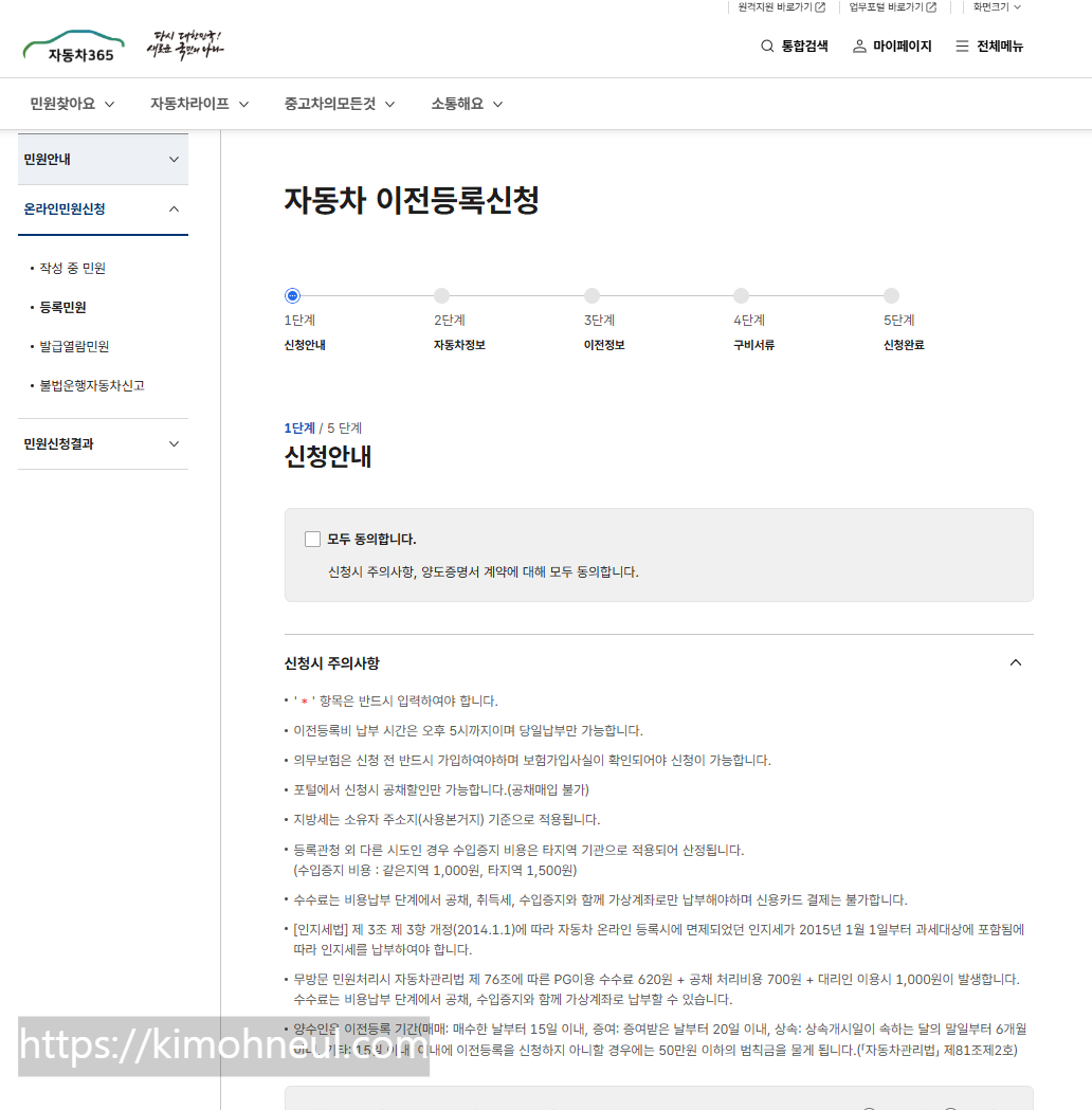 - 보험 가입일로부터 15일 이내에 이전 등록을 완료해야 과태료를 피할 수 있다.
═══
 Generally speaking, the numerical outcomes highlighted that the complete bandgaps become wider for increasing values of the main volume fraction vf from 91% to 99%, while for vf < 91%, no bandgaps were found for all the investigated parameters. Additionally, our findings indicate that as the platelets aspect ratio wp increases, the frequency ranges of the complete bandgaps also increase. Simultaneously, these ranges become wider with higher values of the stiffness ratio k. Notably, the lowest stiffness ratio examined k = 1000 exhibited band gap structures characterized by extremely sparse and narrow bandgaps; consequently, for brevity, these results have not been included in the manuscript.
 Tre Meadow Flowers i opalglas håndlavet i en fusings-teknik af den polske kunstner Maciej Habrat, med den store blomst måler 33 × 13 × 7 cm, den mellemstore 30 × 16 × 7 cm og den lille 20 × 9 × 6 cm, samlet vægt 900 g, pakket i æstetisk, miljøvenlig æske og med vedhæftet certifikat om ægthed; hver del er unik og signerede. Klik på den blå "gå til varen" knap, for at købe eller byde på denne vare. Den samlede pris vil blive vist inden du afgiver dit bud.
═══
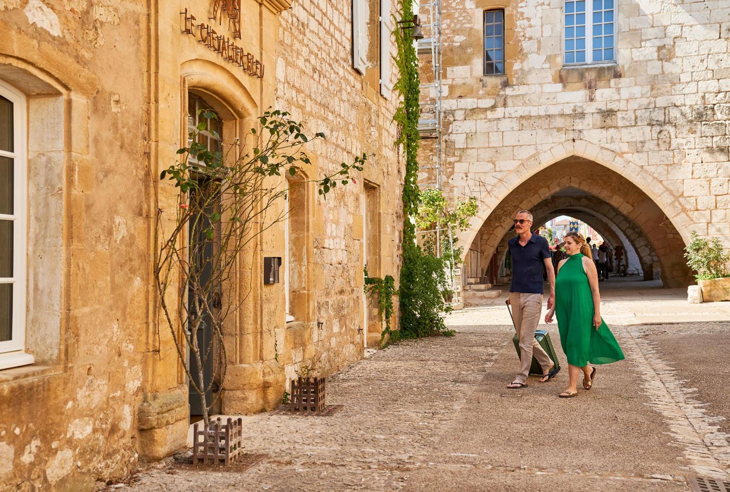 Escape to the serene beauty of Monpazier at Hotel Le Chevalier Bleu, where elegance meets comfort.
═══
*PROBLEM STATEMENT:* Restate word for word the entries above from the line with "Generally speaking, the" through the line with "Tre Meadow Flowers", inclusive, leaving out everything else.

*ANSWER SECTION:*
 Generally speaking, the numerical outcomes highlighted that the complete bandgaps become wider for increasing values of the main volume fraction vf from 91% to 99%, while for vf < 91%, no bandgaps were found for all the investigated parameters. Additionally, our findings indicate that as the platelets aspect ratio wp increases, the frequency ranges of the complete bandgaps also increase. Simultaneously, these ranges become wider with higher values of the stiffness ratio k. Notably, the lowest stiffness ratio examined k = 1000 exhibited band gap structures characterized by extremely sparse and narrow bandgaps; consequently, for brevity, these results have not been included in the manuscript.
 Tre Meadow Flowers i opalglas håndlavet i en fusings-teknik af den polske kunstner Maciej Habrat, med den store blomst måler 33 × 13 × 7 cm, den mellemstore 30 × 16 × 7 cm og den lille 20 × 9 × 6 cm, samlet vægt 900 g, pakket i æstetisk, miljøvenlig æske og med vedhæftet certifikat om ægthed; hver del er unik og signerede. Klik på den blå "gå til varen" knap, for at købe eller byde på denne vare. Den samlede pris vil blive vist inden du afgiver dit bud.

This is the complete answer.